Герману это было абсолютно все равно. Его даже немного раздражало, что Петер так спокойно воспринимает их выезд. Петер опять с радостью спешил навстречу будущему. Если уж поляки выставили йокенцев, так должны были бы дать им какую-то еду, горячий суп хотя бы. Петер с вожделением подумал о дымящейся полевой кухне, которая, может быть, ожидает их на базарной площади в Дренгфурте. А потом он представил, что им предстоит поездка по железной дороге в Берлин. И совершенно бесплатно. Ну и ну, вот это событие!
- В Берлине ты наверняка сможешь что-то купить на твои деньги, - вдруг изрек Петер. Он вспомнил про деньги, которые Иван вытащил из-под балки конюшни. Все-таки, восемьсот марок.
Но Герман не мог оторвать глаз от домов Йокенен. Дом Штепутата исчез в снежном тумане одним из первых. Только деревья парка и замок с его башнями сопровождали их до самой мариентальской дуги.
Герман пытался отогнать от себя мысль, что это и есть прощание навсегда. Нет, должно было случиться что-то еще. Ведь не просто же уехать на трясучей телеге. Может быть, поплакать. Настроение было подходящее. Но Петер засмеял бы его.
Только Пизо понимал, что происходит. Он выл так, что могли разрыдаться и камни, и бегал, как сумасшедший, вокруг телег. Каждый раз, когда он пытался подскочить в теплые объятия Вовериши, возница бил его кнутом. Пизо пришлось покидать Йокенен пешком.
Около Мариенталя пошел снег. Вначале мелкие крошки, больно кусавшие лицо. Когда подъехали к Дренгфурту, вся земля уже побелела. Слева сгоревший продовольственный склад.
- Остались ли еще банки с сыром? - подумал вслух Петер. Он бы с удовольствием побежал туда проверить.
В Дренгфурте, как это ни удивительно, были люди. На тротуарах стояли дети и глазели на громыхающие телеги.
- Это тоже поляки, - заявил Петер.
Над текстильной лавкой еврея Самуэля Матерна все еще висел в свете двух прожекторов портрет Сталина с отеческой улыбкой. Напротив него, прямо перед ратушей, телеги остановились. Всем выходить! Нести мешки и узлы в ратушу. Ни полевой кухни, ни горячего супа. Даже не натопили. Йокенцы расположились вдоль стен приемного зала.
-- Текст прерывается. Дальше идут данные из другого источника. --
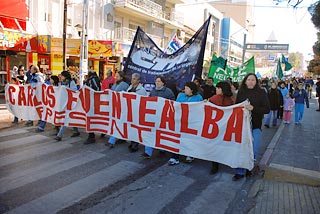 Más de 6.000 trabajadores se movilizaron en Neuquén Capital en el marco del paro nacional dispuesto por la Central. La marcha recorrió puntos neurálgicos de la ciudad capital como la Casa de Gobierno y el Superior Tribunal de Justicia, y se repitió el pedido de justicia para Carlos Fuentealba, el maestro asesinado por la policía del ex gobernador Sobisch.

- Завтра отправитесь дальше, - сказал польский милиционер, запер ратушу и пошел через дорогу к портрету Сталина.
Дальше на следующее утро? Это было легче сказать, чем сделать. Всю ночь валил снег, и к утру намело столько, что все развалины вокруг дренгфуртской базарной площади скрылись под чистым белым ковром. Русский часовой расчищал вход перед портретом Сталина.
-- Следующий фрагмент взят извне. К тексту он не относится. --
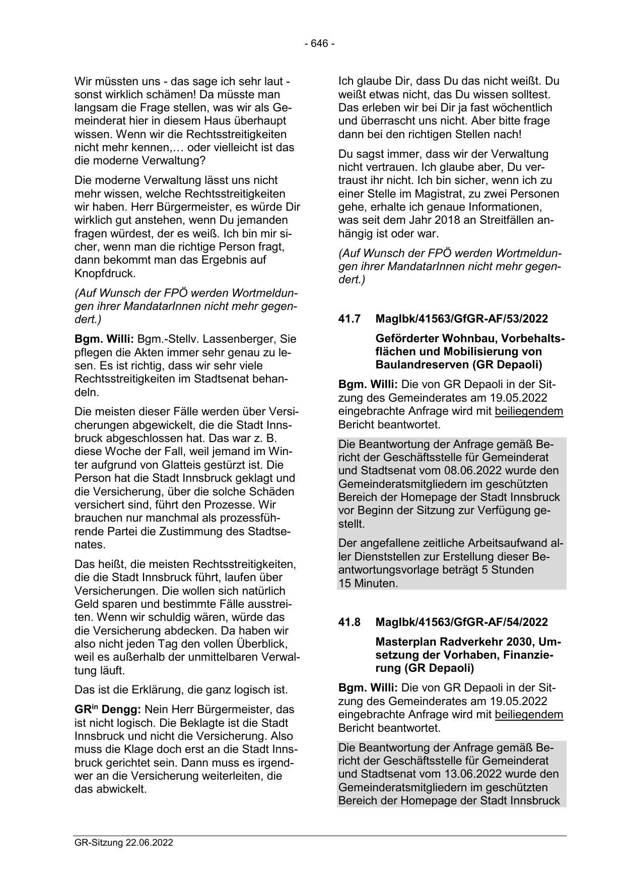 Bgm. Willi: Die von GR Depaoli in der Sitzung des Gemeinderates am 19.05.2022

Первая метель новой зимы. Йокенцы торчали в холодной ратуше и думали, что теперь будет. Может быть, нужно повернуть назад? Обратно в Йокенен. Развести огонь в печи, сварить суп. Но у милиции был свой приказ, который нужно было выполнить при любой погоде. Понятно, в Растенбурге ждет поезд, поезд на Берлин.
Телеги простояли всю ночь в сарае и так приятно выглядели сухими, что было просто удовольствием на них забираться. Милиционеры следили, чтобы мальчики не заняли под носом у старых женщин лучшие места. Как быстро они опять сидели на заштопанных мешках, узлах и сумках! Но не успели выехать из города, как обессиленные лошади встали. Да и кто сможет протащить по таким сугробам кучу старых женщин с их барахлом? Долой с телег! Сошли даже милиционеры. Разрешили остаться только Воверише, но Пизо согнали в снег, и он, дрожа, бежал следом по свежей колее. Значит, пешком в Растенбург. Телеги менялись, прокладывая дорогу, чтобы сберечь силы лошадей.
- О Боже, о Боже, - завывала Виткунша. - Что они с нами делают!
Веселились только мальчики. Герман и Петер бежали впереди лошадей, забирались на самые большие сугробы и кричали от восторга, проваливаясь до пояса. Выбирались обратно и упражнялись в прыжках с шоссе в заметенный кювет. Нужно носиться без остановки, чтобы от пронизывающего восточного ветра не отмерзли уши.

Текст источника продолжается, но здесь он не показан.